Longhorn's defaultSettings.storageNetwork ships pod-to-pod replica traffic over a Multus secondary network. The setting's documentation only requires pod-to-pod reachability and silently assumes a flat L2 underlay where the host already has a native MAC on the storage segment. If your storageNetwork's NAD parent is a virtual device (a VXLAN, GRE tunnel, anything that does L2 encapsulation on egress), bare macvlan-bridge and ipvlan-L2 NADs will both break Longhorn v1's iSCSI engine in the same way: the host-side iSCSI initiator cannot reach a co-located IM pod's iSCSI target. The fix is to make the host itself a peer macvlan child of the same parent — a "host-shim" interface — so intra-host child↔child delivery sidesteps the parent's egress path.

This note explains the failure mode and the workaround as it landed in anton's plan 0004 Phase 5b (closed 2026-04-19). There is, as far as we can tell, zero upstream Longhorn precedent for this pattern; longhorn/longhorn#9049 has been open since 2024-07 with the same failure on a flat L2 underlay and no fix.

Why anton needed this

Anton's three MS-01 nodes are wired in a 10G SFP+ point-to-point full-mesh DAC topology — three separate /31 links, no shared L2 segment between the three SFP+ ports. To give Longhorn the shared subnet its single-NAD storageNetwork model assumes, a per-node DaemonSet (kubernetes/apps/network/storage-vxlan/) brings up vxlan-storage (VNI 100) carrying 10.100.1.0/24 across all three nodes. Each node owns a per-node VTEP loopback at 10.100.100.X/32.

The NAD (kubernetes/apps/storage/longhorn-config/app/networkattachment.yaml) attaches Longhorn IM pods' second interface (lhnet1) onto vxlan-storage and pulls per-pod IPs via Whereabouts.
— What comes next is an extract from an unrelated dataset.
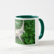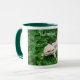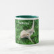 Una taza linda con un dragón barbudo que come un trébol en él. ¡… Delicioso!
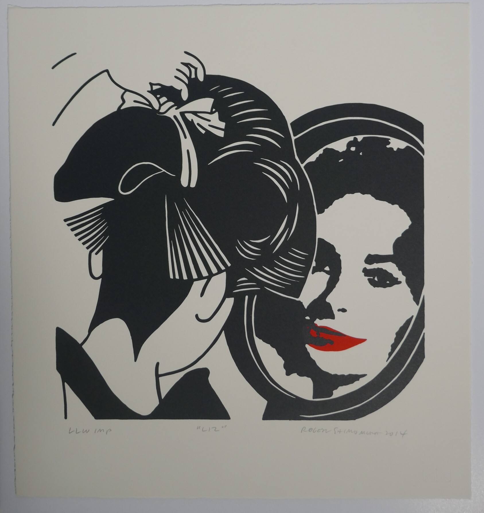 DescriptionFrom the left: a Kabuki actress in an elaborate black wig gazes into an oval mirror with a black frame, but instead of her reflection, the mirror shows Andy Warhol’s Elizabeth Taylor with bright red lipstick. The actress’s proper left hand reaches up to adjust a knotted ribbon in her hair.ProvenanceC. Richard Belger and Evelyn Craft Belger, Kansas City, MO;

This works for pod-to-pod across nodes (the original Phase 4d smoke test). It does not work for the host-to-local-pod path that Longhorn v1 actually needs.

The failure mode

Longhorn's v1 data engine has a split personality on the iSCSI path:

  • The iSCSI target lives inside the IM pod, bound to the pod's lhnet1 IP.
  • The iSCSI initiator is the kernel's iscsiadm, which longhorn-manager invokes via nsenter into the host mount and net namespaces.

Whenever a workload on node N attaches a Longhorn volume, the engine on node N opens an iSCSI connection from the host netns to a replica's IM pod. If that replica is co-located on node N (which defaultDataLocality: best-effort actively encourages), the connection target is a pod on the same host as the initiator. That's the path that breaks.

Symptoms in longhorn-manager logs, surfaced via printInstanceLogs from the engine instance log (not the replica log — the replica only sees clean connects and EOFs):

iscsiadm: cannot make connection to 10.100.1.16: Host is unreachable

Volumes flap between attached and detached, Robustness: unknown, repeated DetachedUnexpectedly events.

Why naive NADs fail over a VXLAN parent

Two NAD plugins were tried before the host-shim landed. Both failed for the same structural reason via different mechanisms.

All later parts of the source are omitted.